Game of Fear
You would have only been in high school. When I was a teenager, I rarely watched the news, much less knew about anything happening an entire state away.”
    Gabe snagged two beers out of his refrigerator and walked into the living room, trying not to be pleased she’d checked him out enough to estimate his age. Even so, he dreaded the upcoming discussion. And how much to reveal. So many secrets. He chose his words carefully. “My father was in Homicide then. I have some of his old investigative files. One might tie to those kids.”
    After giving Deb her drink, Gabe set his bottle down, then walked to the wall-to-wall bookshelves across the room. He moved several large books on the history of flying. Behind them, he’d hidden the thick expandable folders containing Patrick Montgomery’s final obsession. The notes and materials for Shannon Devlin’s case.
    “You keep all your old police files tucked away for a rainy day?” Deb asked.
    “Nope.” Gabe sat on the couch and set the five-inch bound collection of files on the coffee table. “This case was different for my father. It tortured him. The one he couldn’t solve.” The one involving his daughter . Gabe pulled out some of the folders he’d scoured over the years, whenever he could face the guilt, and opened the most worn manila file.
    Despite Gabe’s familiarity with the contents, the photo of the girl he hadn’t been able to save still haunted him.
    “She looks a lot like my sister, Ashley.” Deb moved in close beside him. “That’s kind of spooky. Who is she?”
    “Shannon Devlin. She came to town eight years ago. Someone gunned her down in the bus station. My father and I . . . were there that night. I was standing next to her, but I couldn’t save her. My father tried to catch the sniper, but he got away. ”
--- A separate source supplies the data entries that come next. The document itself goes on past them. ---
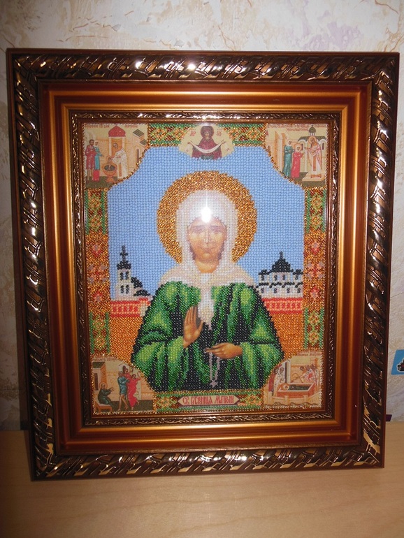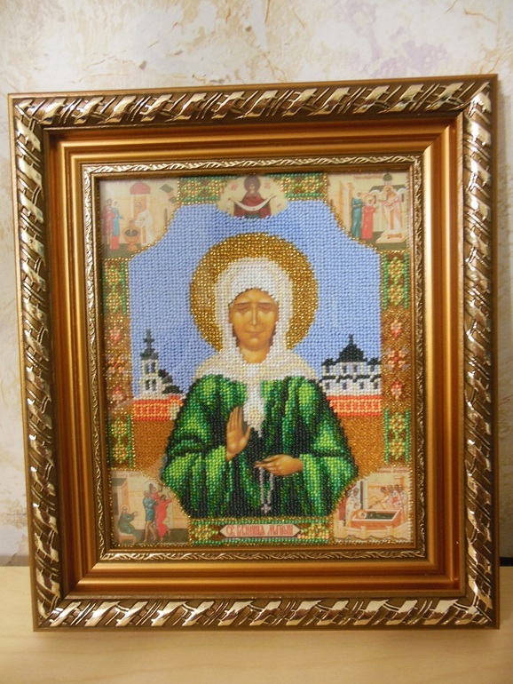 Матушка Матронушка.... Вышив половину, никак не могла закончить... находила массу отговорок, дел, забот.... лежала она три месяца... потом увидела рекламу сериала "Чудотворица" и под него за три дня на одном дыхании закончила. Смотрю на нее и душа наполняется почему-то нежностью... завтра муж повезет нашему педиатру в подарок.))
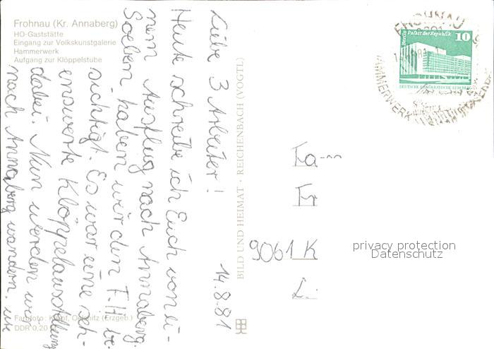 72418390 alte Postkarte Frohnau Annaberg HO Gaststaette Volkskunstgalerie Hammerwerk Kloeppelstube postalisch gelaufen Erhaltung siehe scans KatCode: 11110014171010
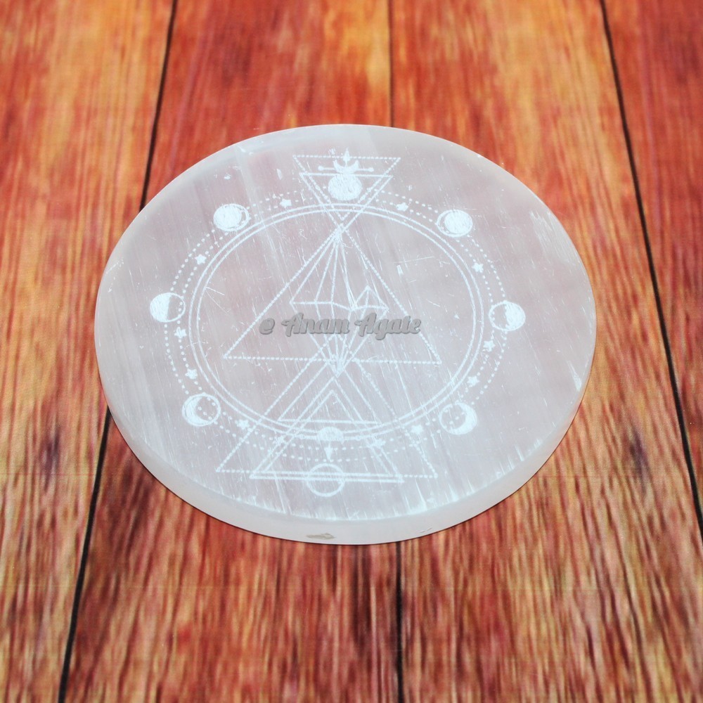 Printed Engraved Metatron with Yantra Rainbow Selenite Charging Plate Selenite Coaster
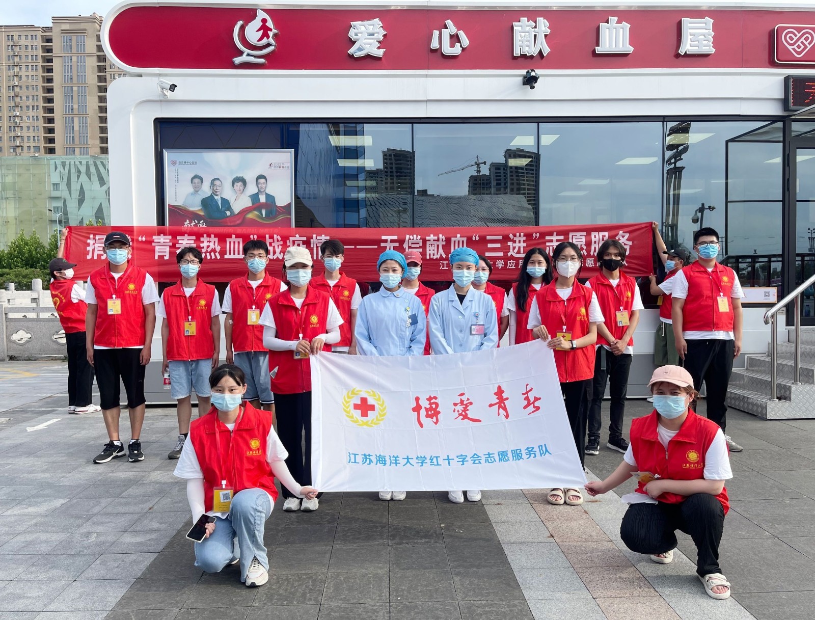 以青春热血书写互助篇章,用志愿服务构筑献血保障,志愿者们被汗水打湿的面庞,是这个初夏最美的模样。我院志愿服务队对万达、苏宁血车的志愿服务,不仅仅是代表江苏海洋大学对连云港市献血事业发展的心意,也是为了激起大家爱的意识和无私奉献的品质。希望通过这次活动能带动社会,唤醒更多的爱心。因为大家的献血是托起他人生命的希望,生命因大家而延续。看到中国献血事业的蒸蒸日上,大家的心里也格外幸福!
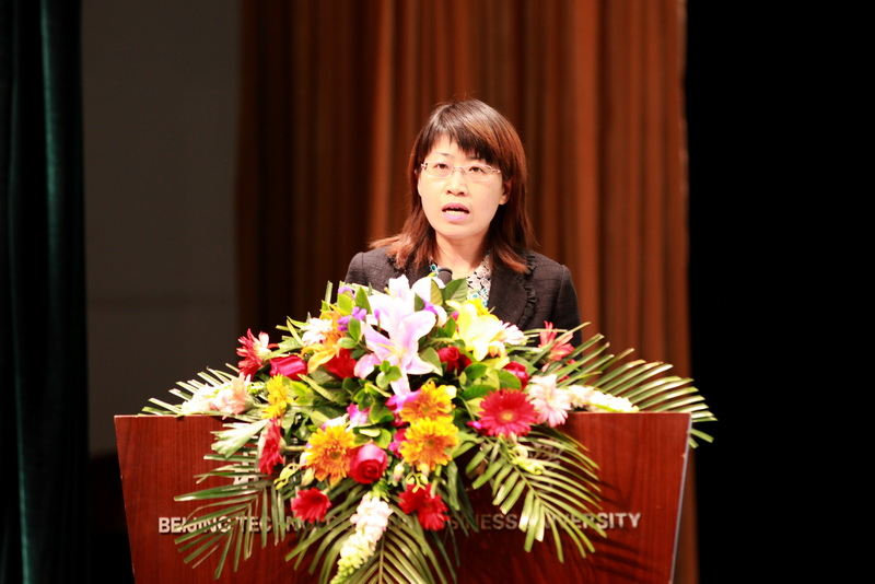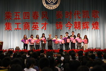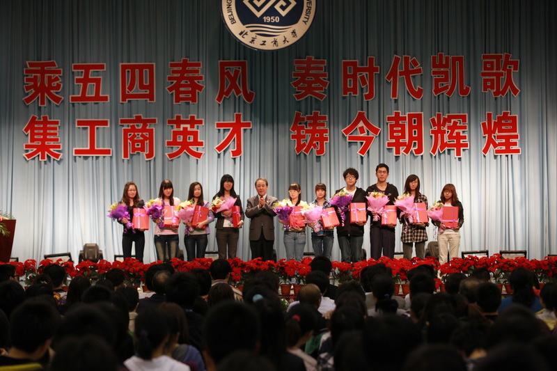 藝術與傳媒學院學生王飛代表獲獎學生發言,他表示,在紀念五四運動的同時,青年學生要發揚艱苦奮斗、勇于創新的精神,他還代表北京工商大學學生會向我校所有同學發出弘揚五四精神,認真貫徹胡錦濤書記提出的“三點希望”的倡議。
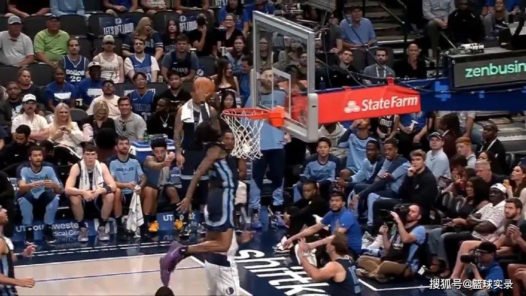 如同莫兰特一直所做的,他只要在场上就是个高光机器,即便季前赛也不例外,第二节刚刚开始,他就跟新秀扎克伊迪连线,突破吸引三人包夹,然后将球高高抛起,跟进的扎克伊迪空接送上一记双手大力灌篮。
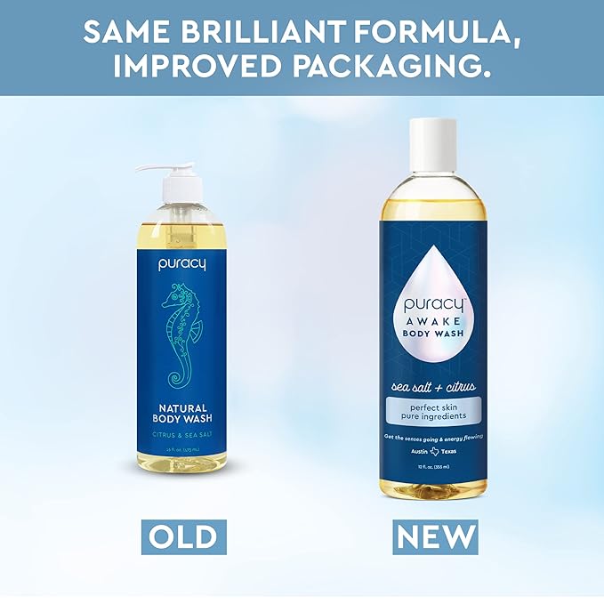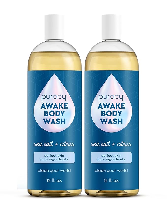 Puracy Body Wash, Natural Body Wash, 98.6% Pure Plant Ingredients, Moisturizing Shower Gel for Women Men Kids, Body Soap for Dry Sensitive Skin. Gently Scented with Citrus & Sea Salt, 12 Oz (2-Pack)
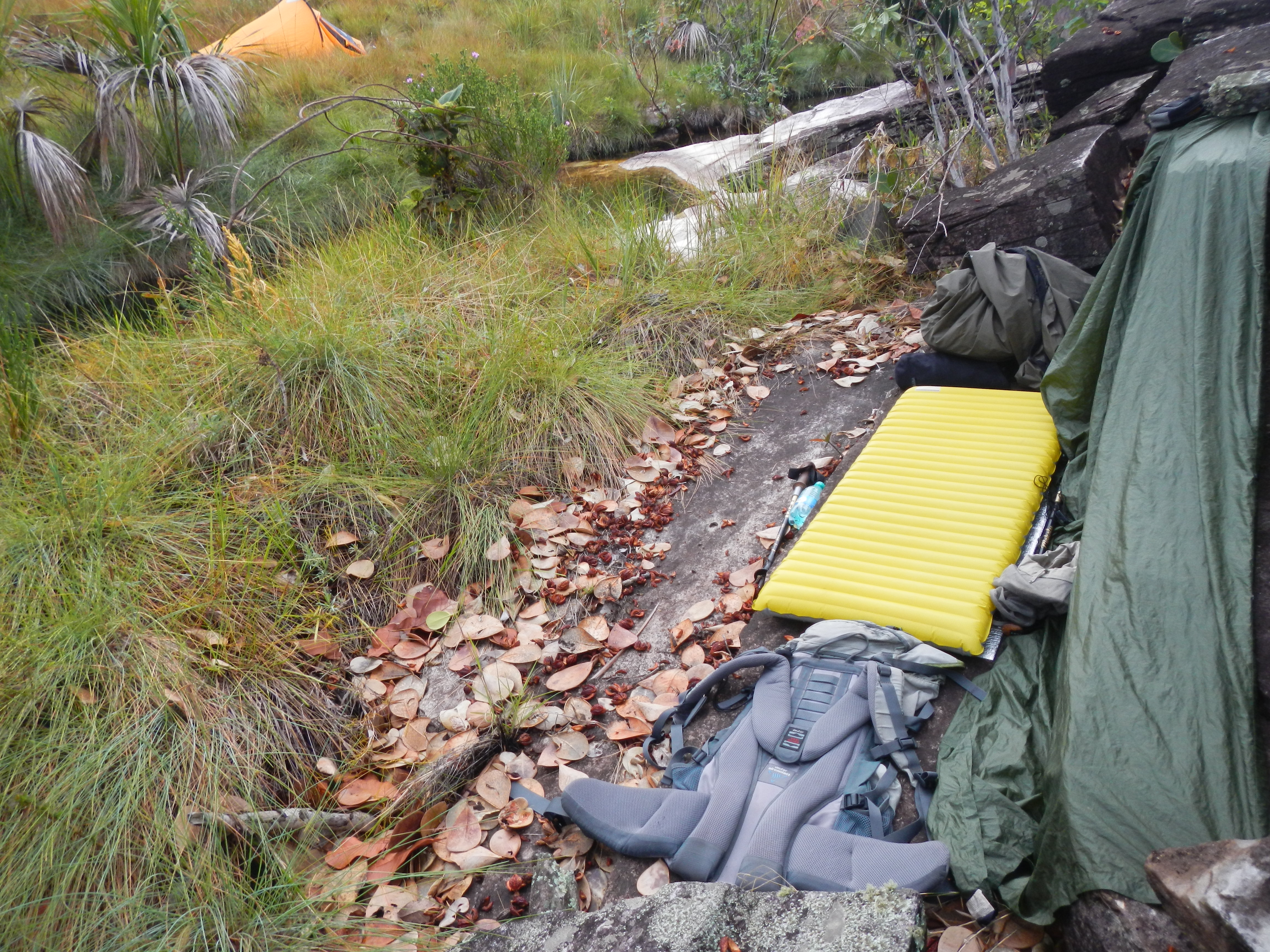 Membros de Honra peter tofte Postado Novembro 26, 2013 Membros de Honra Postado Novembro 26, 2013 Prezados: Tenho pouca experiência de bivaque. Posto algumas fotos. Bivaque perto da Cidade de Pedra, em Cocalzinho/GO. Clima seco, ideal para uso do saco de bivaque (pouca ou nenhuma condensação). A tarpa/poncho verde (Integral designs, em silnylon) está de prontidão ao lado do saco de dormir, caso chova durante a noite. Na última foto o saco de bivaque Rab Survival Lite com o saco de dormir dentro. Abaixo um bivaque entre o Morro do Getúlio e a encosta do Caratuva, perto da bifurcação das trilhas para o Caratuva e para o PP, em Antonina, Paraná. Tempo ruim, névoa, chuva constante e muito vento. De noite 9,7º C. Passei frio. Condensação no saco (de bivaque!). A barraca ao lado é a Lightwave trek0 do Edver. Usei o poncho para fazer o abrigo. Mas valeu a experiência. Vivendo e aprendendo! Abs, Peter Citar
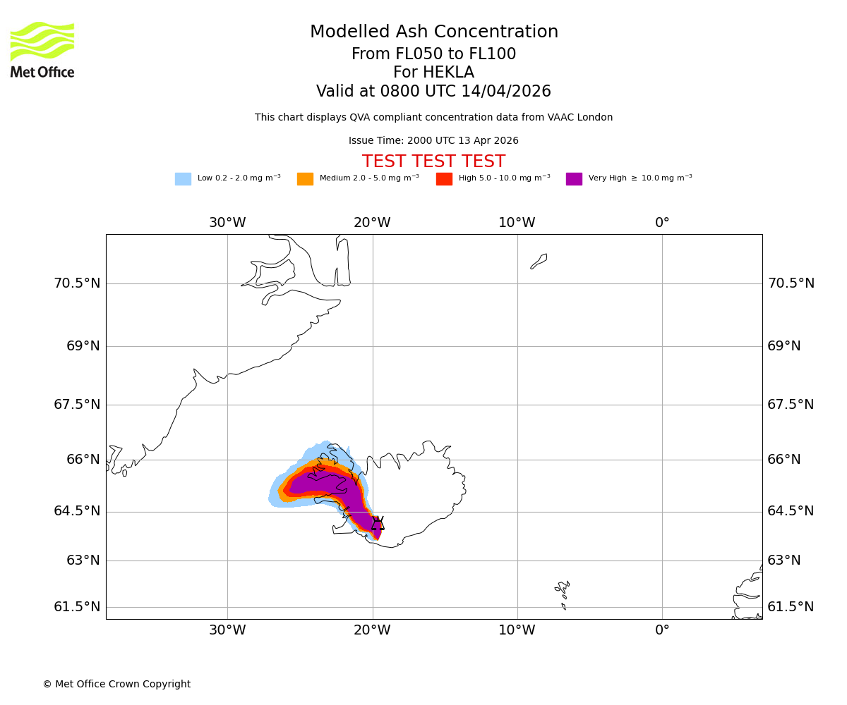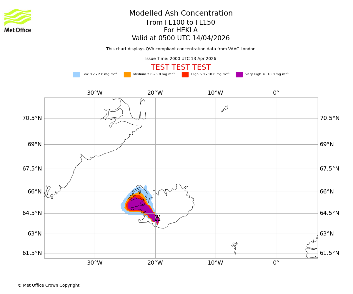 Modelled ash concentration from 050 to 100 for HEKLA. Valid at 0500 UTC 14/04/2026
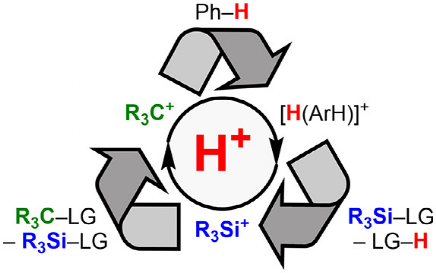 2)作者总结讨论了Lewis超强酸、Brønsted超强酸之间的超强亲电阳离子的催化反应转变(H+、R3C+、R3Si+)如何实现催化反应循环,作者尤其对新发展的R3Si+有机硅试剂的质子化的发展进行介绍。实现这种发展的关键是弱配位能力的对抗阴离子WCA(weakly coordinating counteranions),其中主要讨论组成为[HCB11Y5X6]- (Y = H, Me, X; X = F, Cl, Br, I)的WCA。这种超强酸的酸性比有机合成领域常用的液态Brønsted超强酸(HOTf、HSO3F、HF)更强,而且能够实现传统超强酸无法实现的质子化过程反应。
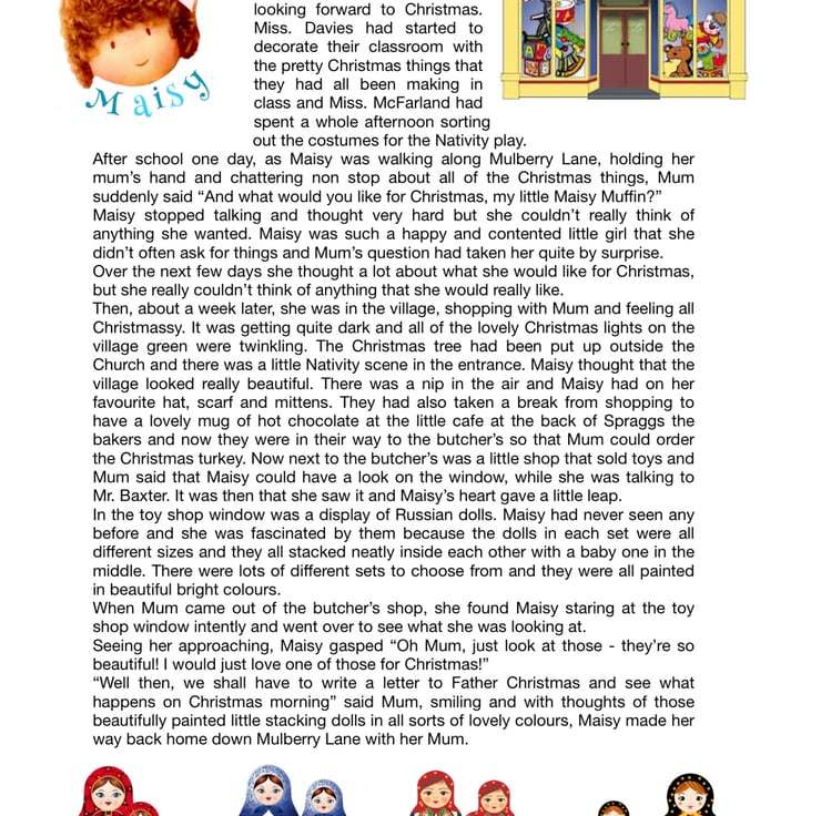 There are other children in Maisy’s class at school - Violet, Billy with his pet rabbit, Amber, Tilly, Rosie and her kittens, Amelia, Ruby, Marigold, Bobby with Max the dog, and the twins Oliver and Olivia, who have a puppy called Oscar. The dolls are all 26cm tall and baby Daisy is 16cm. Maisy and Mo love nothing more than having adventures with their friends. You can read about their adventures on my Facebook and Instagram pages - Maisy Muffin Rag Dolls and on my Mulberry Green Pinterest boards.
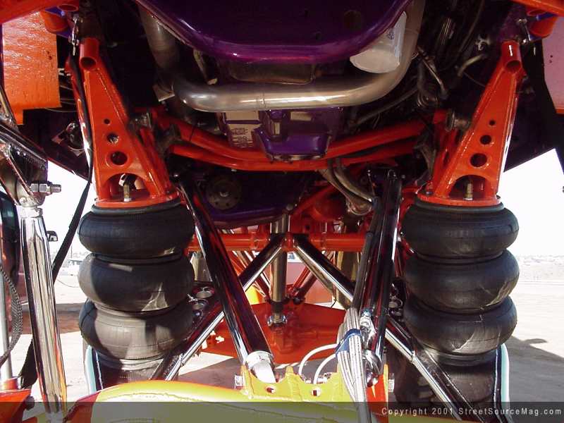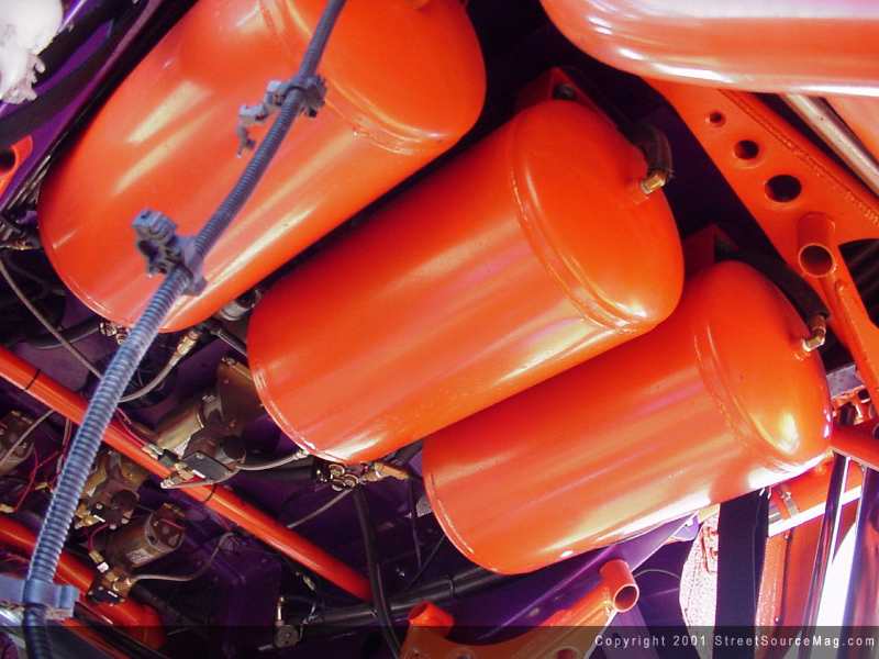 To provide the lift, four large, heavy-duty compressors were installed to fill the three two gallon air tanks. To assure quick lift, 16 EAI ½" port solenoids were installed, allowing quick release of the stored air to fill the huge air bags found beneath this huge Excursion. Helping the overall ride, 2 ½" Sway-A-Way shocks were installed, two per wheel, along with Sway-A-Way hydraulic bump stops. With a vehicle this large, you have to do whatever possible to prevent sway. Keeping this in mind, Craig's decision was easy. His choice was to install 1 ½" front and rear Sway-A-Way power bars.
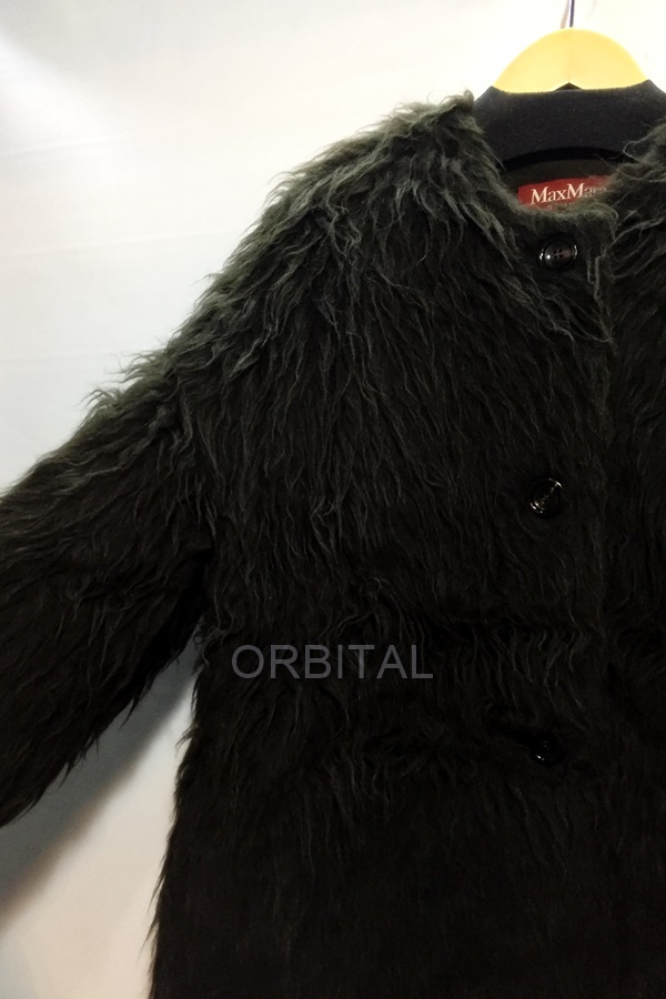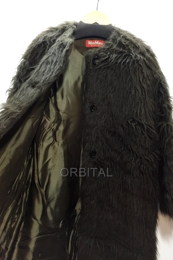 Max Mara STUDIO マックスマーラ ステュディオ 国内正規 アルパカ混 ノーカラー シャギーコート ダークブラウン サイズ38

    Deb’s gaze flew to Gabe’s. “Oh my God. No wonder you reacted so intensely to that car bulletin in Neil’s office. If that wreck is related to this case, maybe this is the break the police need to solve it.”
    “I hope so.” Gabe pulled out a few more folders. The base of his neck throbbed, like it always did when he opened this file. These weren’t sheriff’s office files. They weren’t even part of Patrick Montgomery’s official investigations. Gabe’s father had copied all of these materials in secret and continued to investigate on the side.
    Then again, Patrick Montgomery had done a lot of secret things on the side.
    Gabe shoved the bitter memories aside. If his mother ever learned that his father had conceived the daughter she’d always longed to bear with another woman, it would destroy his mom. She’d idolized the man. All Gabe’s brothers did, too.
    Concealing his anger all these years had made Gabe feel like an outsider sometimes, but he had enough guilt to atone for with Shannon’s death. Tearing apart his family wasn’t going to be one of his sins, so he kept his father’s secret. No one would know from Gabe that the Montgomery brothers had a half sister born less than a year after Anna Montgomery gave birth to the final child she could carry.
    Gabe spread out the manila folders, determined to concentrate on the job at hand. He flipped to the next page in the file. “Take a look at Shannon’s bio. She sounds a lot like Ashley. Intellectually, Shannon was way ahead of her peers.”
    Deb scanned the page. “Wow, she was more than just a good student. Ranked number one in her class—a physics and math brain. Nearly perfect SAT math score. It says that MIT, Stanford, Harvard, and Yale were actively recruiting her.”
    “Shannon was set to graduate early. She’d been heading from her home in Angel Fire to the state math bowl in Taos, New Mexico, and was attacked on the way. The cops might have considered the attack random, except her three teammates didn’t show up, either.”
    “The kids in the POE car?”
    “Yeah.” Gabe opened another folder and turned several pages, until he found the one he wanted.